California Penal Code § 793 (West 1970) is similar: “When an act charged as a public offense is within the jurisdiction of another State or country, as well as of this State, a conviction or acquittal thereof in the former is a bar to the prosecution or indictment therefor in this State.”
Sea People v. Belcher, 11 Cal.3d 91, 113 Cal.Rptr. 1, 520 P.2d 385 (1974); People v.

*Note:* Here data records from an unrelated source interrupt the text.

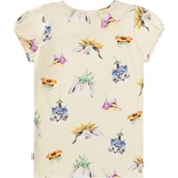 Beigefarbenes, eng anliegendes T-Shirt aus weicher Öko-Baumwolle mit Rundhalsausschnitt und kleinen kurzen Puffärmeln. Das T-Shirt hat einen Druck von Tieren mit Blumenhüten.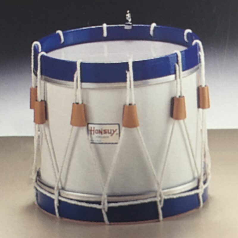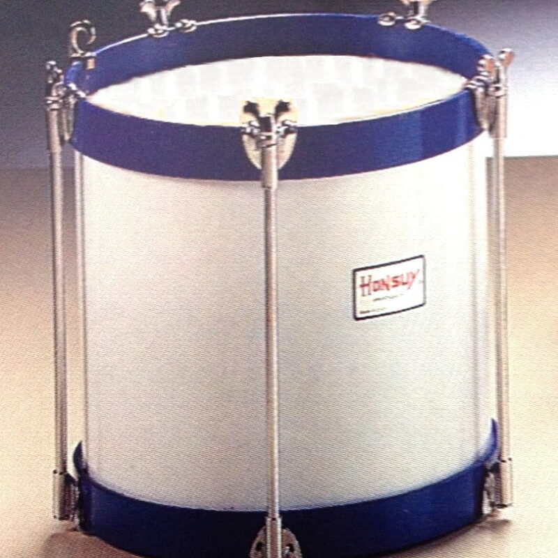 Tamboril marca Honsuy de 30,5cm. (12") de diámetro x 26cm. de altura (10"). Casco y aros de madera contrachapado. El casco va forrado de blanco y los aros se pintan en color azul (los colores de la bandera de Galicia). Se montan con parches de plástico. Tensión mediante 6 varillas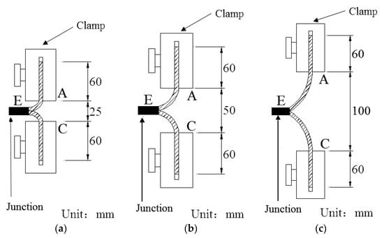 Peeling tests under different clamping distances: (a) 25 mm, (b) 50 mm, (c) 100 mm.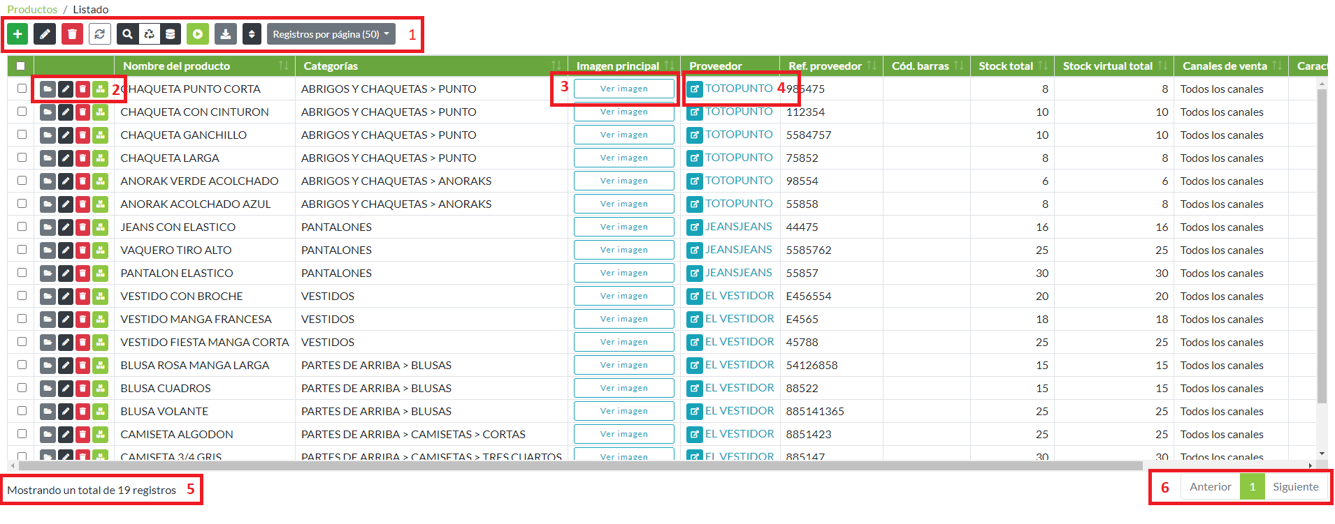 5 - En la parte inferior del listado se indica el número total de registros mostrados y, a la derecha (6), se permite mostrar más páginas del listado (en caso de que las hubiera).

Candelaria, 139 Cal.App.2d 432, 294 P.2d 120 (2d Dist.1956); Note, Criminal Law: Conviction or Acquittal in a Federal Court as a Bar to State Prosecution: California Penal Code Section 656, 45 Calif.L.Rev. 197 (1957).
. 18 U.S.C. § 2114 provides :
Whoever assaults any person, having lawful charge, control, or custody of any mail matter or of any money or other property of the United States, with intent to rob, steal, or purloin such mail matter, money, or other property of the United States, or robs any such person of mail matter, or of any money, or other property of the United States, shall, for the first offense, be imprisoned not more than ten years; and if in effecting or attempting to effect such robbery he wounds the person having custody of such mail, money, or other property of the United States, or puts his life in jeopardy by the use of a dangerous weapon, or for a subsequent offense, shall be imprisoned twenty-five years.

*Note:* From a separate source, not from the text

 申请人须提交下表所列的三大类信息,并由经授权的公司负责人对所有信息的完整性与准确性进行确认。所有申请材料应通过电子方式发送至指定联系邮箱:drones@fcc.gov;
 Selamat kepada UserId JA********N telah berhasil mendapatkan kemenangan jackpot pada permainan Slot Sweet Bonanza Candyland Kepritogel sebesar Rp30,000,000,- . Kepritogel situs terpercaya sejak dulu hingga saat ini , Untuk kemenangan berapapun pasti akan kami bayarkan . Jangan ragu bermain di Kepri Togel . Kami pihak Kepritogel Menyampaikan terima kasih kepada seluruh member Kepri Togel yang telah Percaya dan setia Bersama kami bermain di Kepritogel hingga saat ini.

. The Act of March 4, 1909, Ch. 321, § 197, 35 Stat. 1126, provided:
Whoever shall assault any person having lawful charge, control or custody of any mail matter, with intent to rob, steal or purloin such mail matter or any part thereof, or shall rob any person of such mail or any part thereof, shall, for a first offense, be imprisoned not more than ten years; and if in effecting or attempting to effect such robbery, he shall wound the person having custody of the mail, or put his life in jeopardy by the use of a dangerous weapon, or for a subsequent offense, shall be imprisoned twenty-five years.
The Act of August 26, 1935, Oh. 694, 49 Stat. 867, in comparison, read :
Whoever shall assault any person having lawful charge, control, or custody of any mail matter or of any money or other property of the United States, with intent to rob, steal, or purloin such mail matter, money, or other property of the United *740States, or any part thereof, or shall rob any such person of such mail matter, or of any money, or other property of the United States, or any part thereof, shall, for the first offense, be imprisoned not more than ten years; and if in effecting or attempting to effect such robbery he shall wound the person having custody of such mail, money, or other property of the United States, or put his life in jeopardy by the use of a dangerous weapon, or for a subsequent offense, shall be imprisoned twenty-five years.